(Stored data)
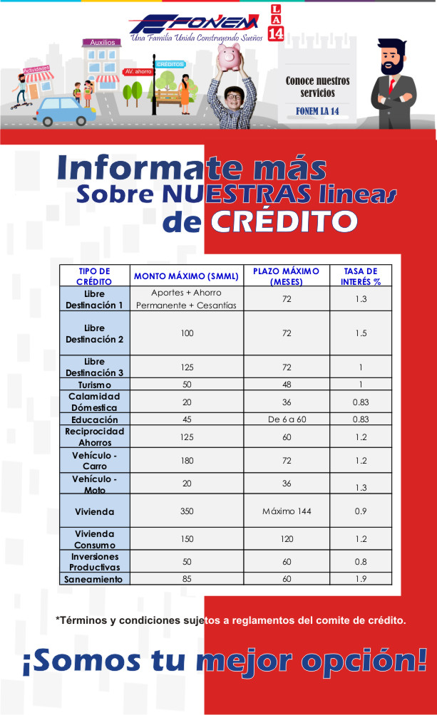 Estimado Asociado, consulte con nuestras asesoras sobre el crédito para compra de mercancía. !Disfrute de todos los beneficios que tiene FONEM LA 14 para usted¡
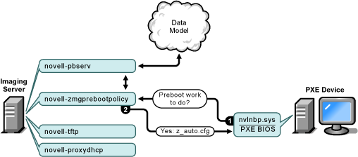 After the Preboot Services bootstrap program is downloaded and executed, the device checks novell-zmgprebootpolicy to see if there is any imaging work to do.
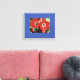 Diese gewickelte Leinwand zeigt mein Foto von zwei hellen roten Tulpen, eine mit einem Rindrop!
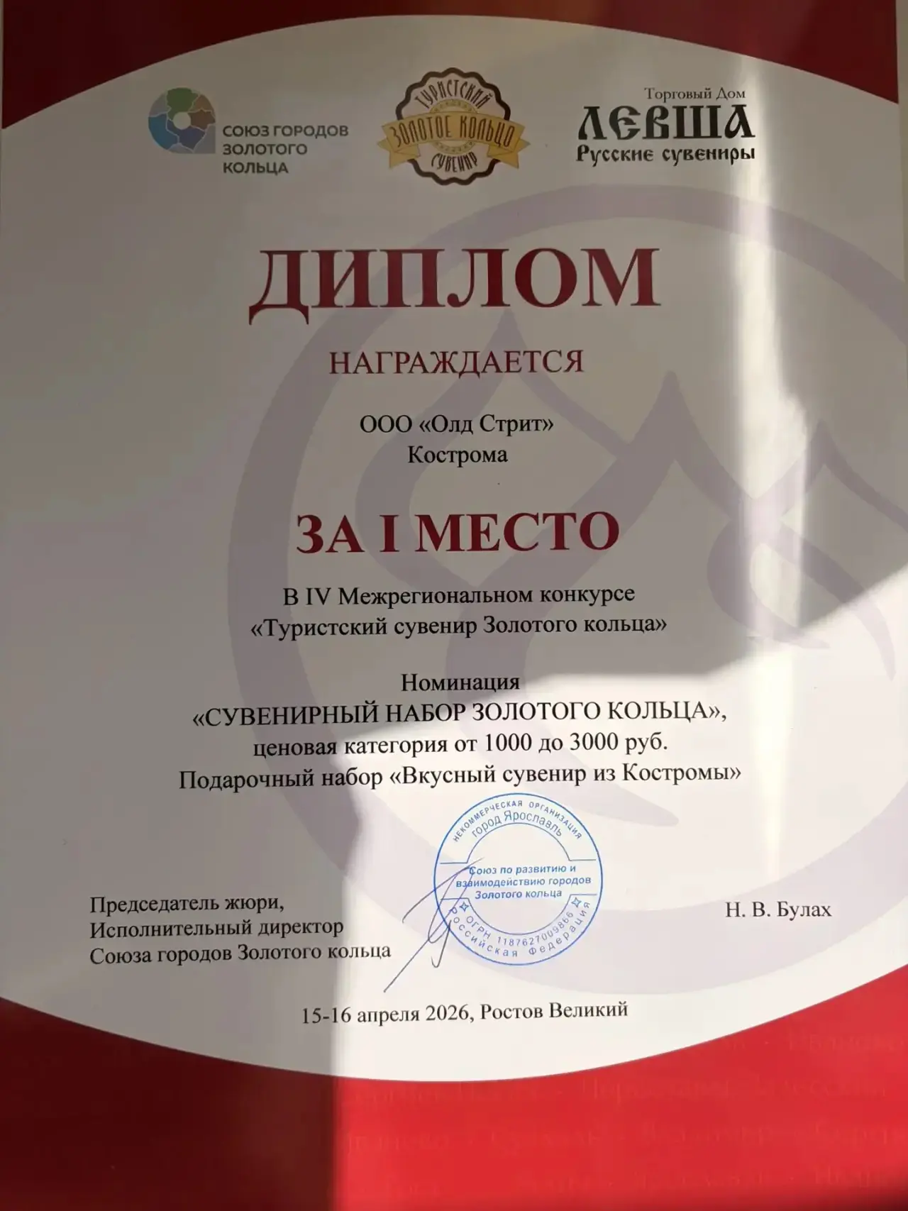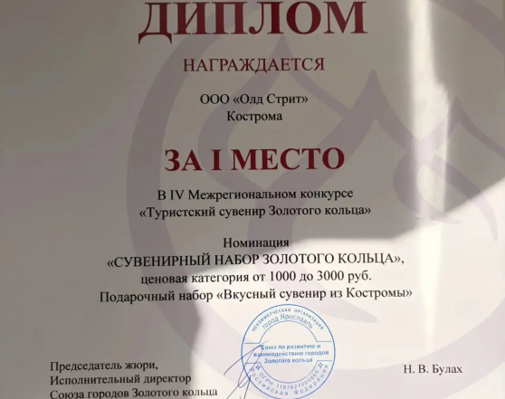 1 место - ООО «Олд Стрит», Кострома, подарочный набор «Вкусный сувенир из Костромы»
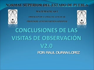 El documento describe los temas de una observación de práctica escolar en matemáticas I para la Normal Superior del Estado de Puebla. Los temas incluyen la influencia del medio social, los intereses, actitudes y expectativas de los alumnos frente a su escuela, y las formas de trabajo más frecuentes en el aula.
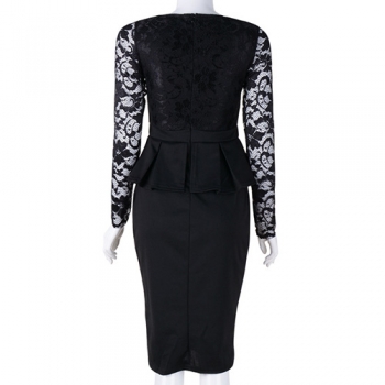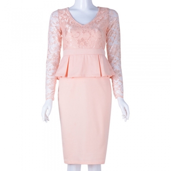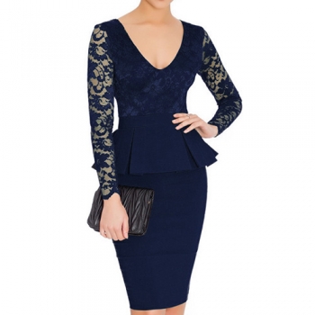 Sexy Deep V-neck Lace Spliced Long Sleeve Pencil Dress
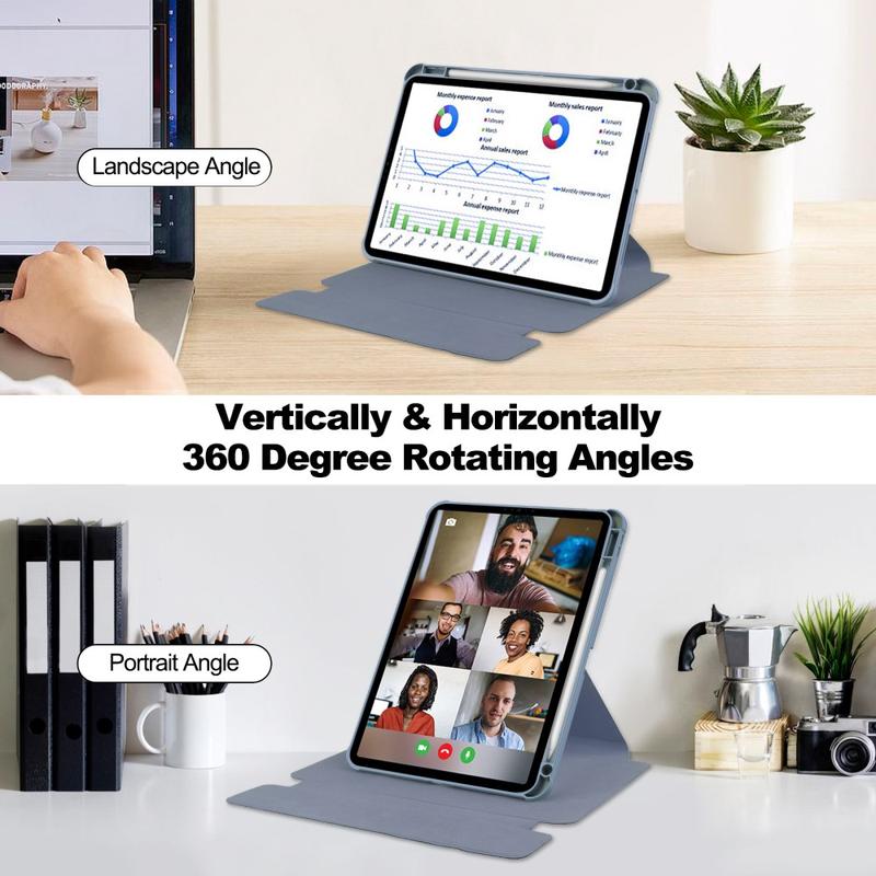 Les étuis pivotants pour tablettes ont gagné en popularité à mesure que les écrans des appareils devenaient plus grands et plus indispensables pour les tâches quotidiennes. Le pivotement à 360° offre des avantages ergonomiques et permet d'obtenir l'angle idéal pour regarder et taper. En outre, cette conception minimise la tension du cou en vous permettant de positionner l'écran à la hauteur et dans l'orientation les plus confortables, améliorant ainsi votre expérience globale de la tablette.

- What is needed:
Word for word, set down the lines from the line with "Sexy Deep V-neck" through the last line of the entries, and nothing else; the pictures stay out.

- Answer:
 Sexy Deep V-neck Lace Spliced Long Sleeve Pencil Dress
 Les étuis pivotants pour tablettes ont gagné en popularité à mesure que les écrans des appareils devenaient plus grands et plus indispensables pour les tâches quotidiennes. Le pivotement à 360° offre des avantages ergonomiques et permet d'obtenir l'angle idéal pour regarder et taper. En outre, cette conception minimise la tension du cou en vous permettant de positionner l'écran à la hauteur et dans l'orientation les plus confortables, améliorant ainsi votre expérience globale de la tablette.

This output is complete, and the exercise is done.